Imaging plays a pivotal role in the work-up of patients with suspected liver infections (Mortele et al., 2004). We also assessed the role of tested and validated US findings (liver echogenicity) for prediction of the presence of hepatitis. As shown in our study, a considerable proportion of agreement was observed between liver ultrasonography results in patients with hepatitis C virus infection. All cross-sectional techniques allow highly accurate detection of hepatic infections (Mortele et al., 2004). Characteristic changes in US echogenicity can contribute to the diagnosis of specific infectious diseases, including viral hepatitis (Mortele et al., 2004). Mortele and Ros (2001) suggested at US, in acute hepatitis, the liver is often enlarged and may demonstrate a diffuse decrease in parenchymal echogenicity, which causes a relative increase in the echogenicity of the portal vein walls. Although, chronic hepatitis displays normal US findings in many cases, it can manifest with a coarsened hepatic echotexture and increased parenchymal echogenicity, causing portal vein radicals to be less conspicuous. The appearance of the liver is essentially identical to that seen with diffuse fatty change (Igel and Nelson, 1998). According to results of a study by Mathiesen et al. (2002) increased liver echogenicity at ultrasound examination reflects degree of steatosis. Results of Stransky et al. (2002) showed steatosis (fatty degeneration) in chronic HCV infection is a very frequent finding particularly in patients with serious fibrosis (42%).

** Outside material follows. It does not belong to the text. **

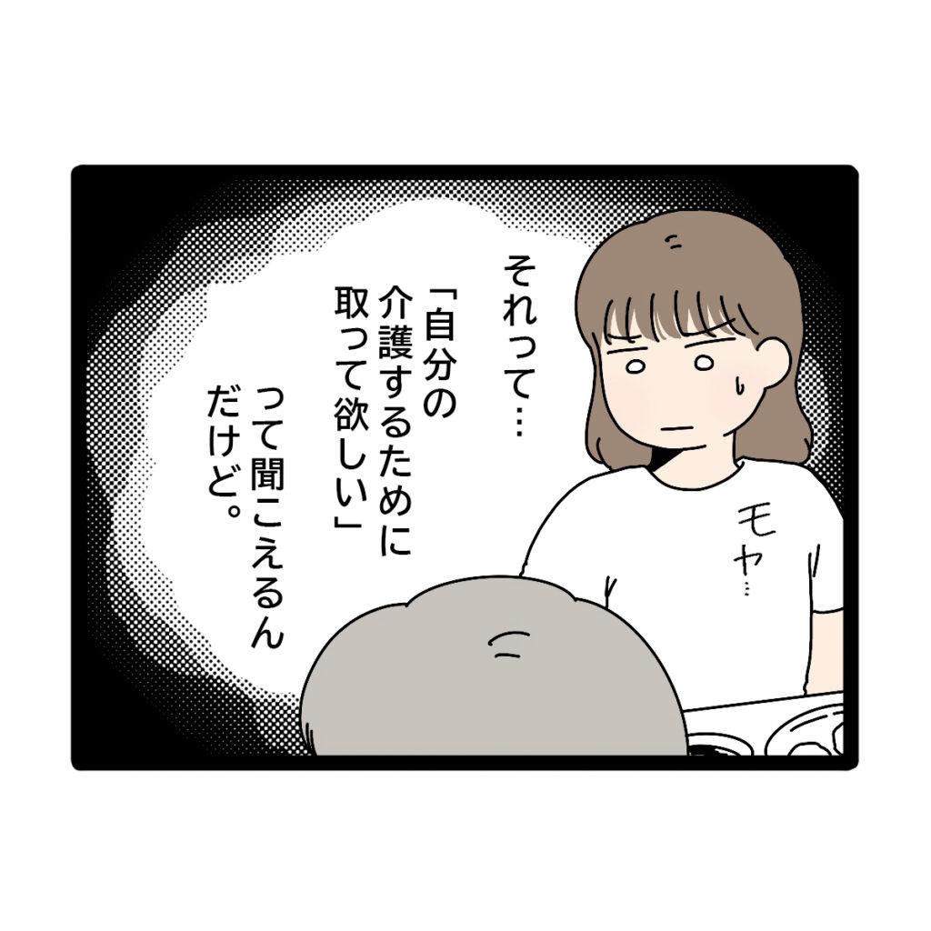 「それって・・『自分の介護するために取って欲しい』って聞こえるんだけど」とモヤモヤが止まりませんでした。

Our study also showed relationship between liver echogenicity and serum AST levels. According to results of study by Stransky et al. (2002) AST more than ALT levels predict the progression of liver fibrosis in chronic HCV infection. The imaging features of acute hepatitis are nonspecific and the diagnosis is usually based on serologic, virologic and clinical findings (Mortele et al., 2004).

CONCLUSION

We concluded that sonography may play an important role in the detection, characterization and management of infectious liver diseases. In certain entities, the imaging findings are characteristic and lead to a specific diagnosis. Characteristic changes in US echogenicity can contribute to the diagnosis of specific liver infections. In most instances, however, the radiologic features are less specific, but the imaging findings together with appropriate clinical information may provide the most likely diagnosis.

ACKNOWLEDGEMENT

We are grateful to all the staff of Iran Red Crescent Society Clinic in Baku, cooperated with this study.